# 1910s Detroit Advertising Jug



## Robby Raccoon (Nov 23, 2019)

Found this today at an antique store.

C. 1914-1916 advertising gallon jug of wines and liquors.
Max Schreiber, 578 Hastings St., Detroit, Mi. 

Pictures will be sideways because posting from smart phones does that even after using the editing program to rotate them.


----------



## sandchip (Nov 23, 2019)

Nice!


----------



## hemihampton (Nov 24, 2019)

Hey, It's your old buddy Leon here in Detroit, Let me know if you ever want to sell that as I'd be Interested in adding it to my collection. Let me know. THANKS, LEON.


----------



## Robby Raccoon (Nov 26, 2019)

Thank you.


----------



## Robby Raccoon (Nov 26, 2019)

Leon, I am interested in selling it. It's too big for my limited display room.


----------



## hemihampton (Nov 28, 2019)

OK, I'll PM message you soon. THANKS, LEON.


P.S. HAPPY THANKSGIVING.


----------



## Robby Raccoon (Nov 28, 2019)

Thank you. I hope that you also have a great Thanksgiving. 
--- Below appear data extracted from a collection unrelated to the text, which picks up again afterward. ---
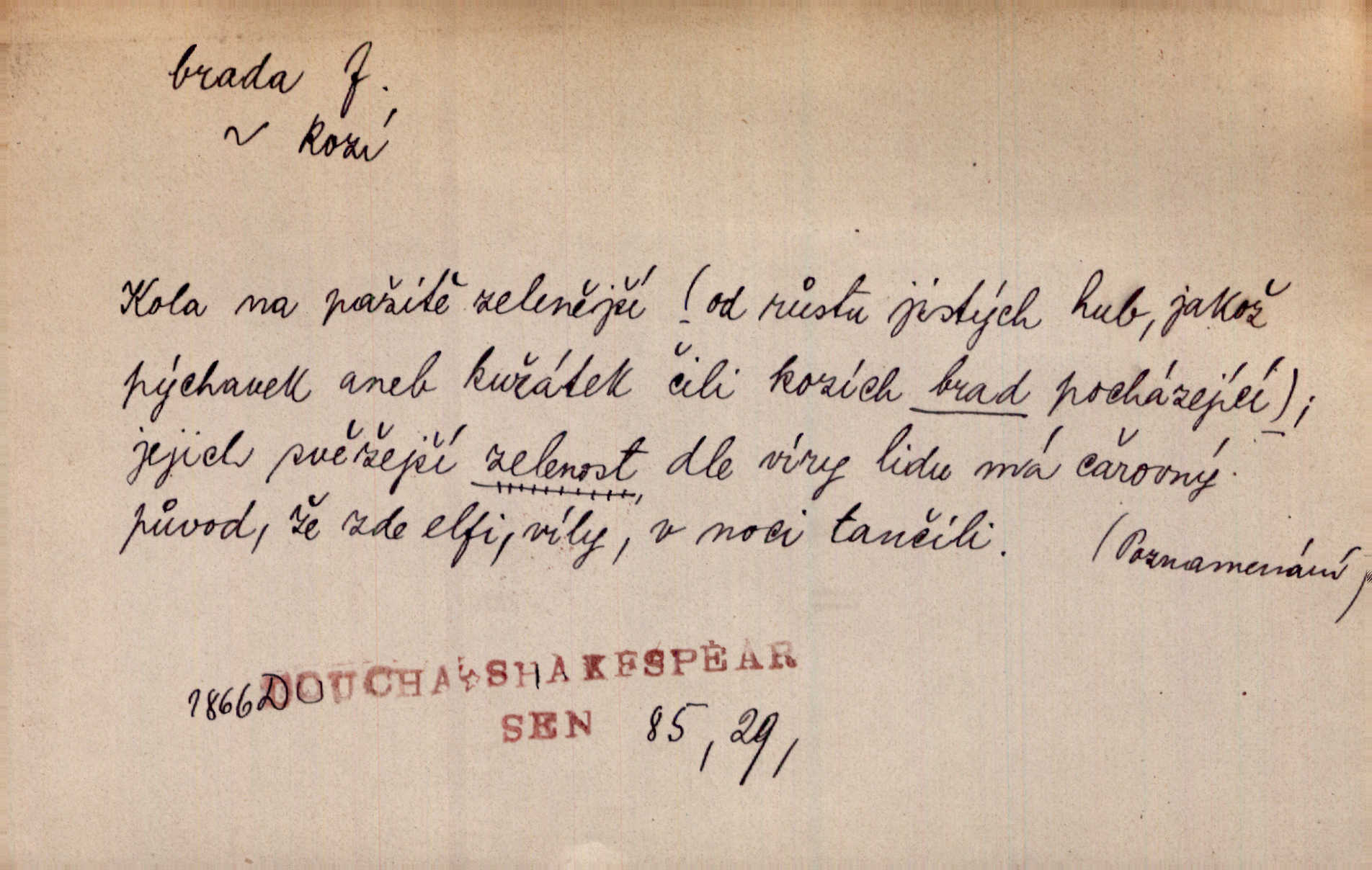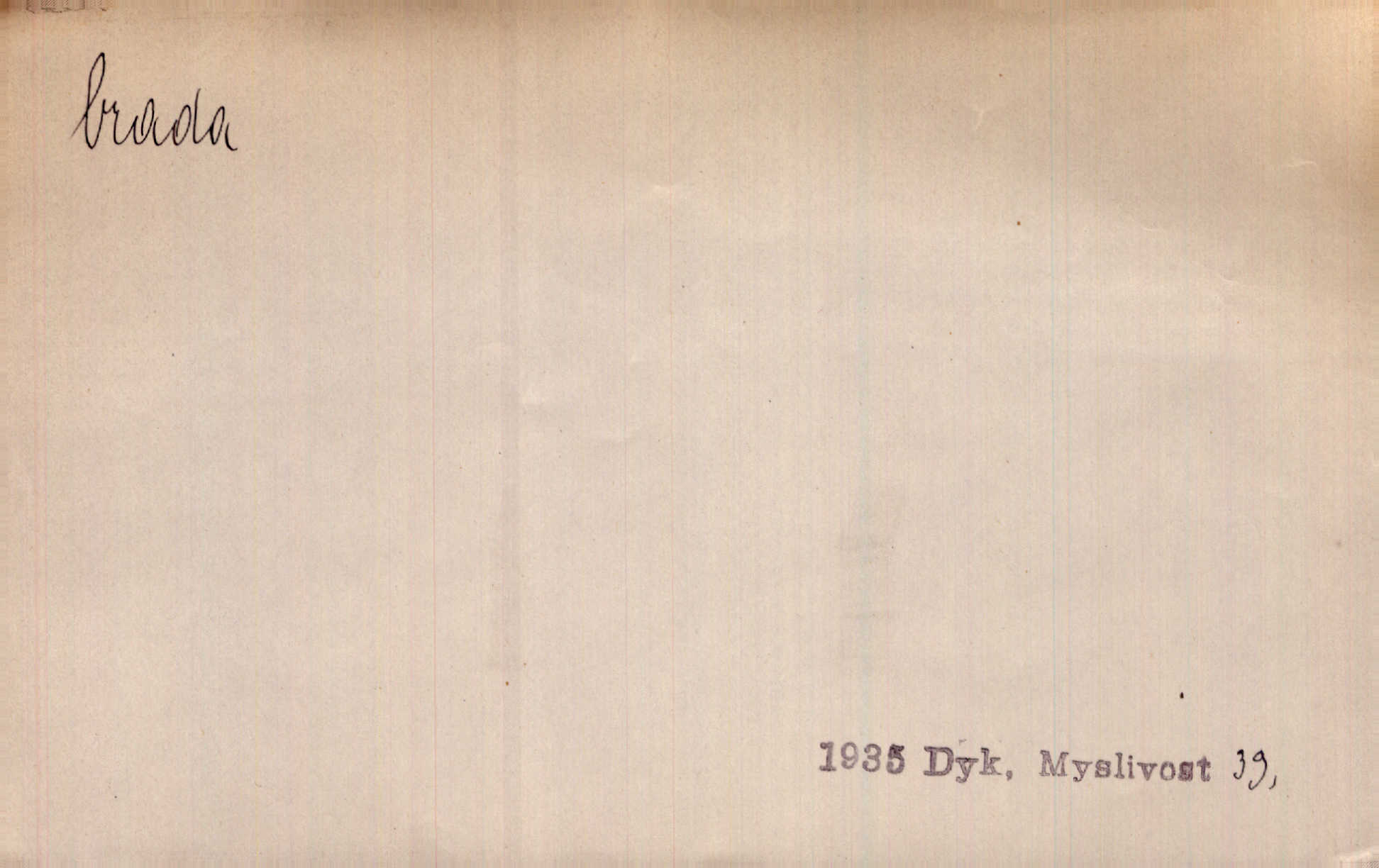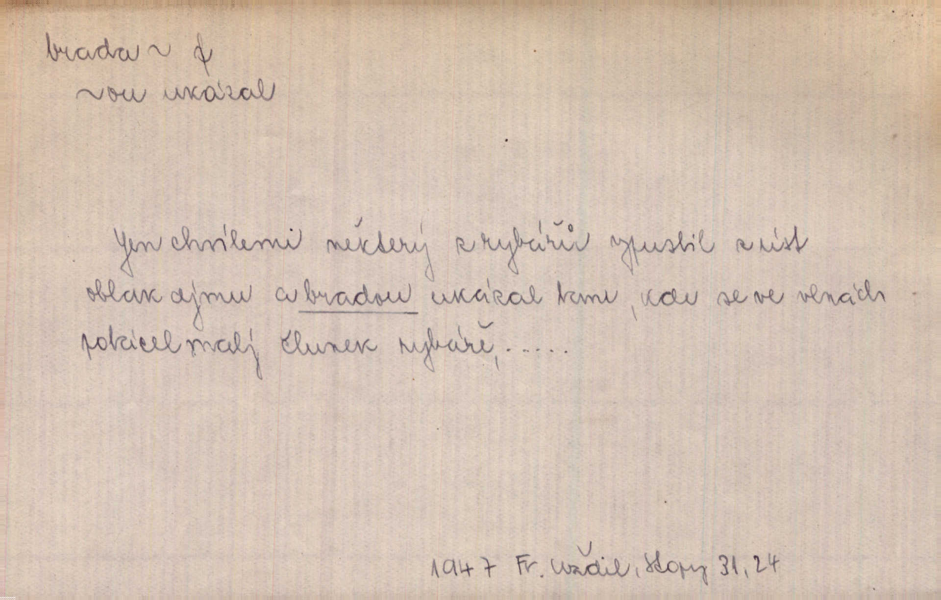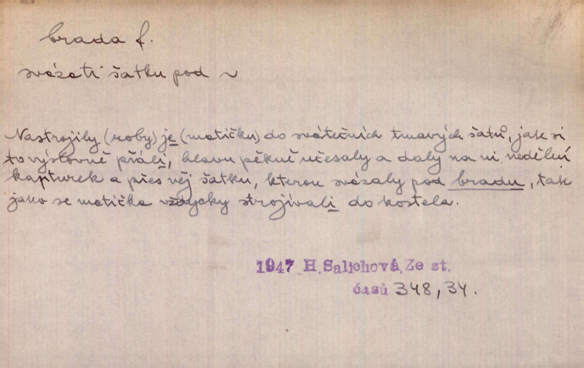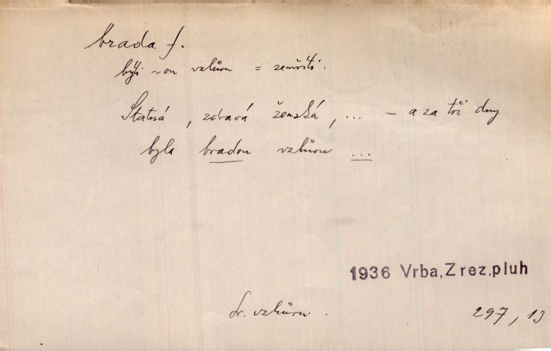 - brada, -y f. vyčnívající část obličeje pod ústy. Hladce oholený, vysedlé brady. Jir. Přen. Nepotkával jsem leč strážníky po bradu ozbrojené silně. Podl. Mít zlata po bradu a zívat při tom velebně dlouhou chvílí mnoho. Jir. Nosíte vy obě bradu vysoko jste pyšné. Herrm. Zítra šturm, a kdo ví, který z vás bude té chvíle bradou vzhůru mrtev. Jir. Mléko mu teče ještě po bradě a mluví, jako by byl už svým pánem je nedospělý, nezkušený. Šmil. D vousy na bradě. Hladě si levou rukou rozcuchanou bradu, seděl prostřed shromáždění. Staš. D Bot. kozí brada rostlina složnokvětá (Tragopogon). Rostlina z řádu pryskyřníkovitých stračka polní (Delphinium consolida). Houba kyjanka, kuřátka (Clavaria).
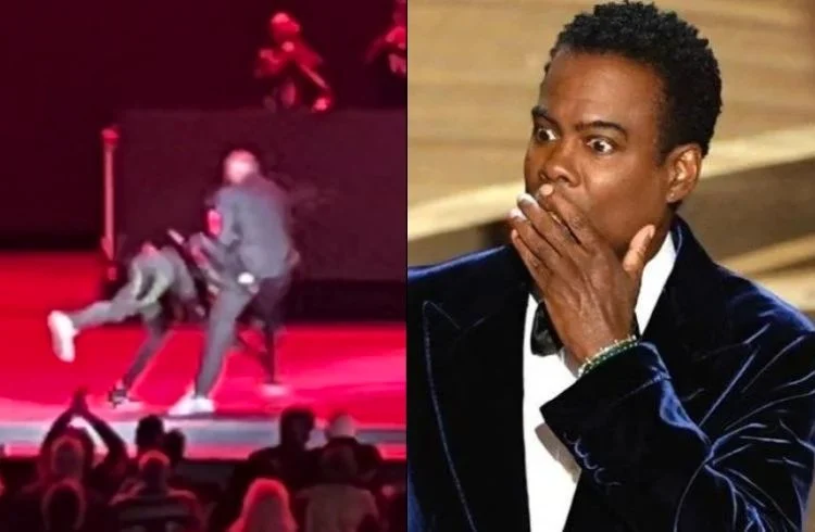 Rock, aliás, subiu ao palco após a confusão e fez piada. “Aquele era o Will Smith?”, perguntou, em referência ao tapa que levou do ator durante a cerimônia do Oscar deste ano e que levou Smith a ser banido de cerimônias do Oscar pelos próximos dez anos.
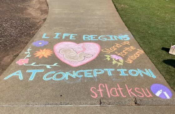 Campus sidewalks across the country were covered with pro-life messages like “Human life has value” and “Choose life” on Tuesday, all projects of students who advocate for unborn babies’ right to life.
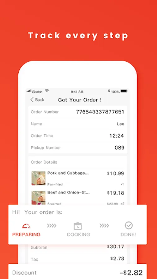 Once you place an order, you can follow every step of your order from the app. JIAO uses advanced methods to streamline the whole cooking flow and provide real-time updates on customers’ orders.
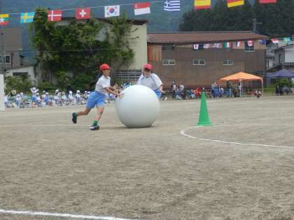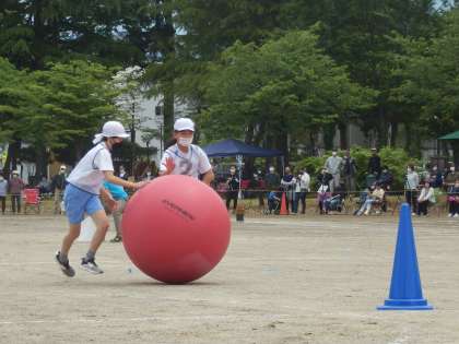 5,6年生の大玉運びは熱戦でした。2回線で勝負か決まらず、3回戦となりました。
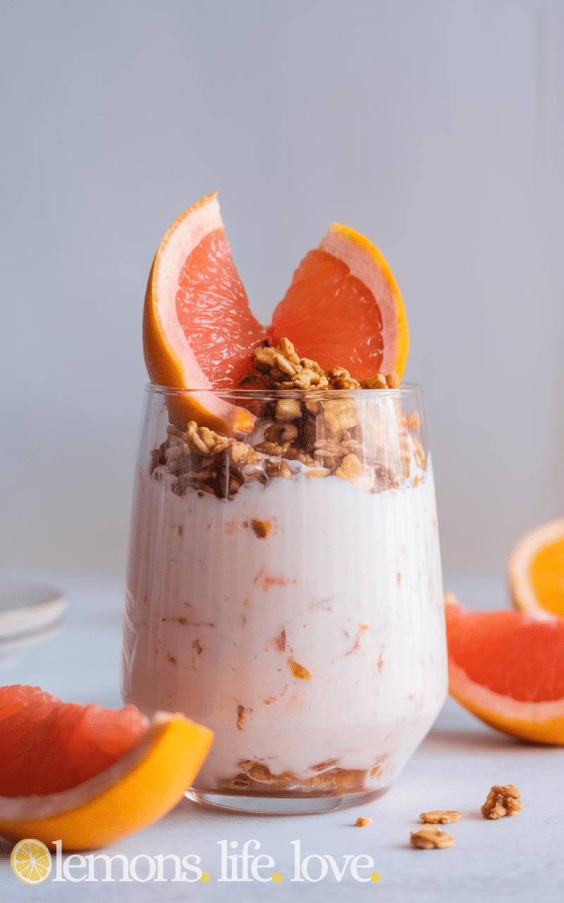 - In a glass, layer Greek yogurt at the bottom and then add grapefruit segments.
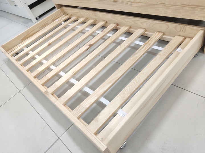 Kvalitní výsuvná přistýlka na kolečkách je vyrobena z borovicového dřeva. Dodávána včetně laťkového roštu.
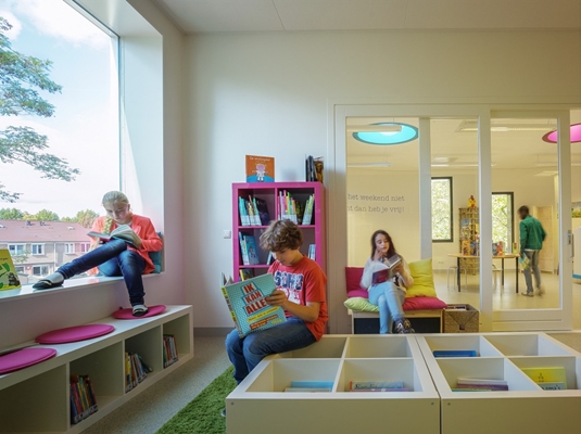 , extra aandacht voor akoestiek en verlichting en een vrije hoogte van 3,2 meter in de groepsruimtes. Voor de duurzaamheid zijn onder meer een warmte-koudeopslag en een energiedak toegepast.
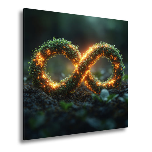 Leinwandbild Unendlichkeit XXL – Glühendes Natursymbol erwacht im Moos
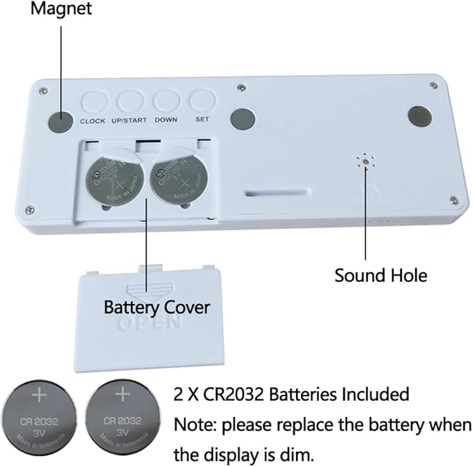 - ✔️Easy to Set: There are four buttons: SET, DOWN, UP/START and CLOCK. Two ways to place it. It has a little removable stand and 3 inset strong magnets at the back to stick on metal surface.
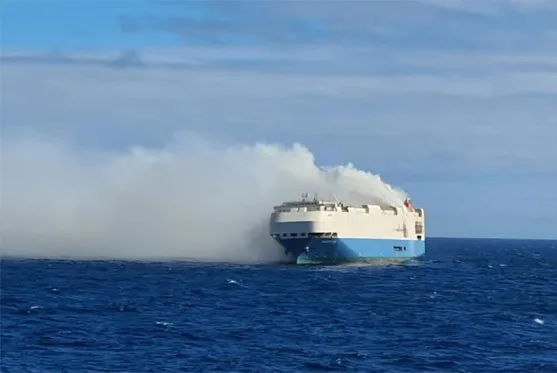 Las baterías de iones de litio de los coches eléctricos a bordo se han incendiado y se requiere equipo especializado para extinguir las llamas, dijo el capitán Joao Mendes Cabecas, del puerto de Hortas.
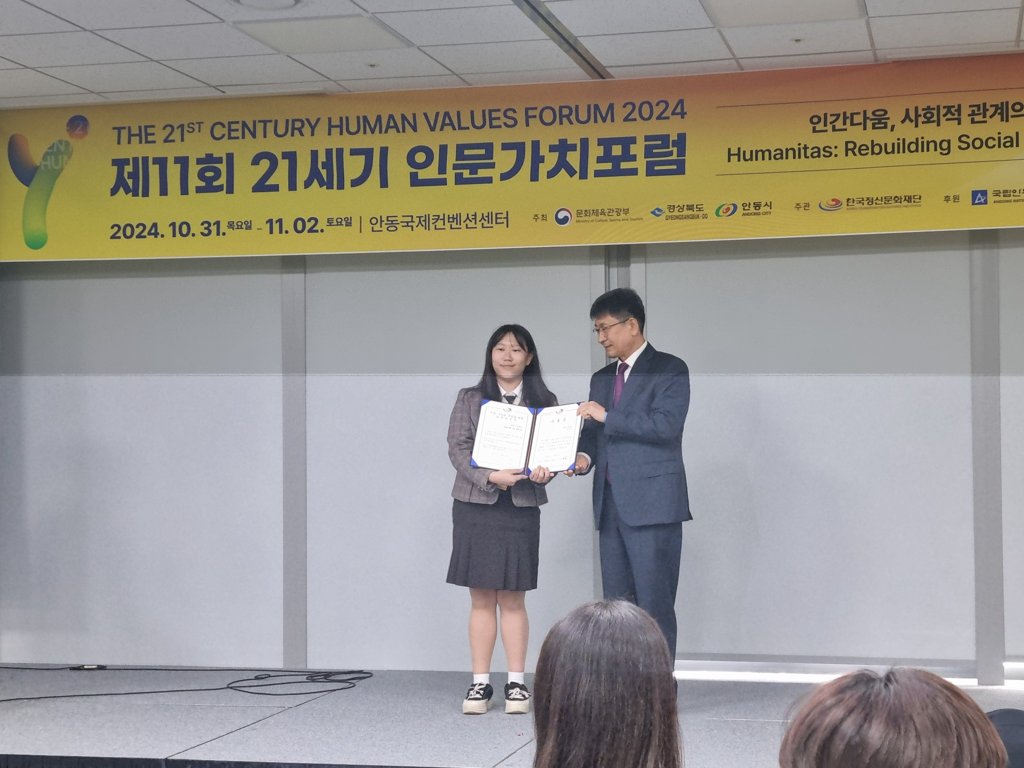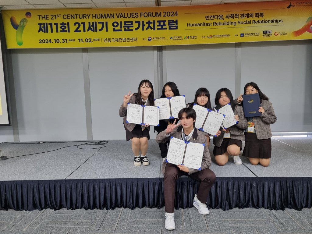 동원고등학교(교장 지창근)는 지난 2일 경북 안동의 안동국제컨벤션센터에서 개최된 '제11회 21세기 인문가치포럼'에 크리에이티브 스튜디오 동아리가 ‘지속가능한 내일을 위한 청소년 인문 활동’에 참여했다. 제11회 21세기 인문가치포럼은 ‘인간다움, 사회적 관계의 회복’을 주제로 지난달 31일부터 경북 안동에서 진행됐다.

Can't post photos from FB apparently, but I can link em. Funny pic.


----------



## Robby Raccoon (Nov 30, 2019)

Leon, I'm afraid you can't receive any more PMs till you clear some space. 

"hemihampton has exceeded their stored private messages quota and cannot accept further messages until they clear some space."


----------



## hemihampton (Nov 30, 2019)

OK, I just cleared somew out. Go ahead & send me a PM. THANKS, LEON.


----------